▶ **To do**:
From the line that contains "<p>Close-up of petals" down to the last line of the entries, repeat every line exactly. Do not carry over the pictures.

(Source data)
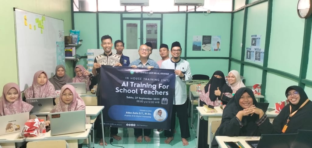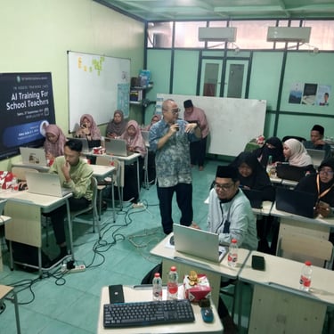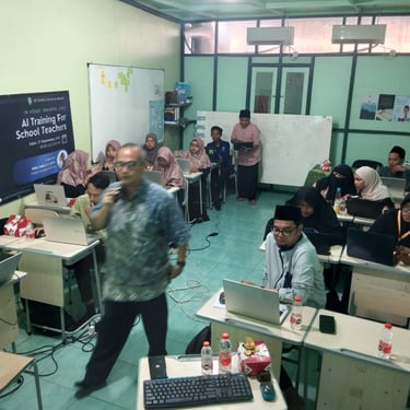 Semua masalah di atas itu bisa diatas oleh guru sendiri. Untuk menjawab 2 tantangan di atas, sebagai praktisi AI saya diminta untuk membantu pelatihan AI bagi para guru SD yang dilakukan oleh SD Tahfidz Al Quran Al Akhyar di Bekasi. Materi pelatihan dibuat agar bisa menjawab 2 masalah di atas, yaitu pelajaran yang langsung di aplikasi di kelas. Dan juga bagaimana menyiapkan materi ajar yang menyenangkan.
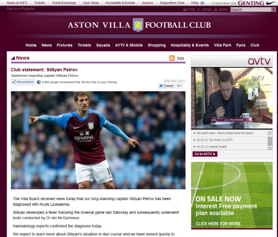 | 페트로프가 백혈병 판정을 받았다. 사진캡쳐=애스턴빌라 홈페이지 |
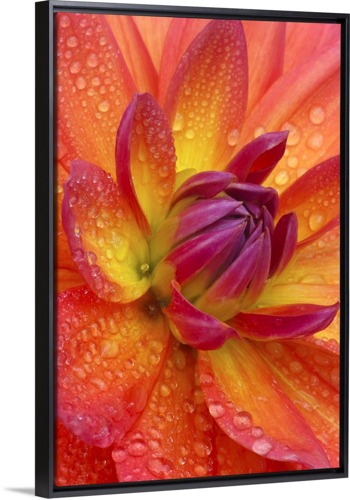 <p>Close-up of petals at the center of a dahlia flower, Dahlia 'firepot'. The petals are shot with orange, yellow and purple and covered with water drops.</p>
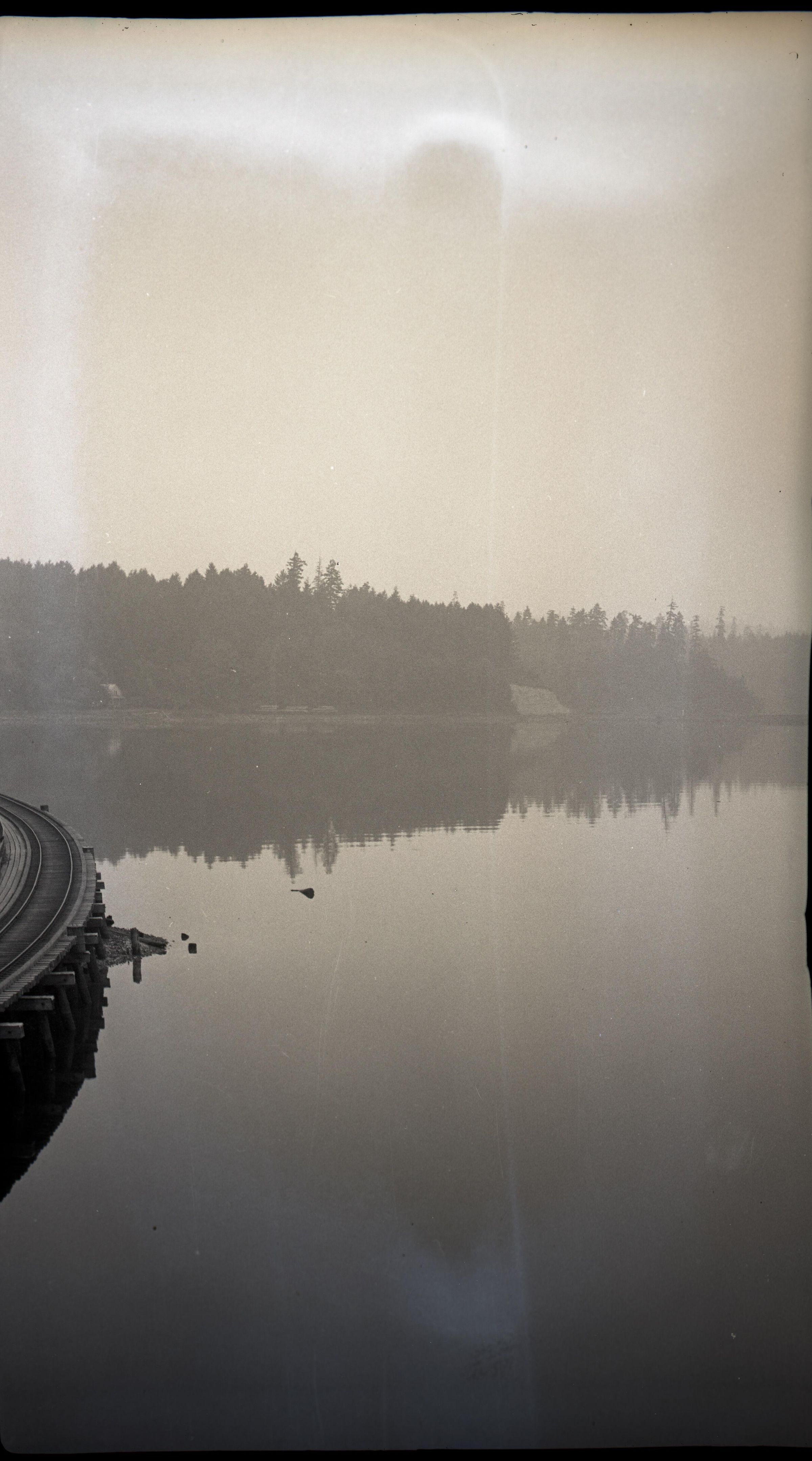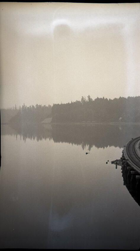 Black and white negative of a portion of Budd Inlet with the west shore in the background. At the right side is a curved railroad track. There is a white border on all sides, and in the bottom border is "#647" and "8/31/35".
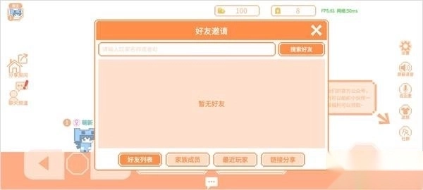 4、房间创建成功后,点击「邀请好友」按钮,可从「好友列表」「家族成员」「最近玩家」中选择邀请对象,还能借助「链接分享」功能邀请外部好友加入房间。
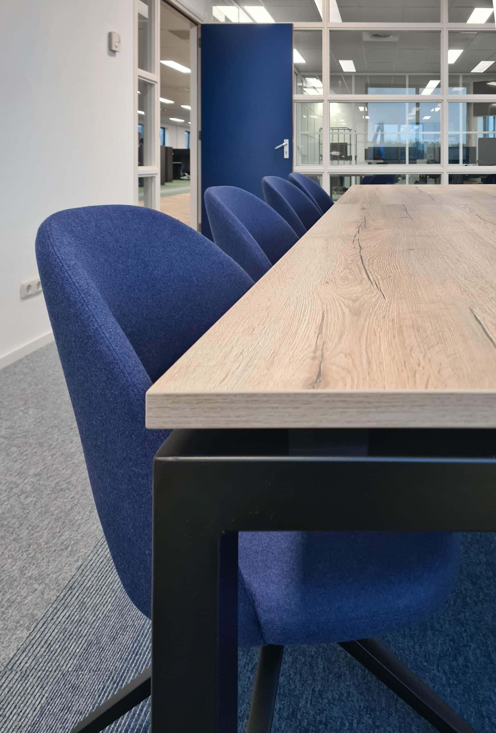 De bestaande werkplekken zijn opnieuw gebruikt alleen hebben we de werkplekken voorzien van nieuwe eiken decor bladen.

▶ **Your response**:
 <p>Close-up of petals at the center of a dahlia flower, Dahlia 'firepot'. The petals are shot with orange, yellow and purple and covered with water drops.</p>
 Black and white negative of a portion of Budd Inlet with the west shore in the background. At the right side is a curved railroad track. There is a white border on all sides, and in the bottom border is "#647" and "8/31/35".
 4、房间创建成功后,点击「邀请好友」按钮,可从「好友列表」「家族成员」「最近玩家」中选择邀请对象,还能借助「链接分享」功能邀请外部好友加入房间。
 De bestaande werkplekken zijn opnieuw gebruikt alleen hebben we de werkplekken voorzien van nieuwe eiken decor bladen.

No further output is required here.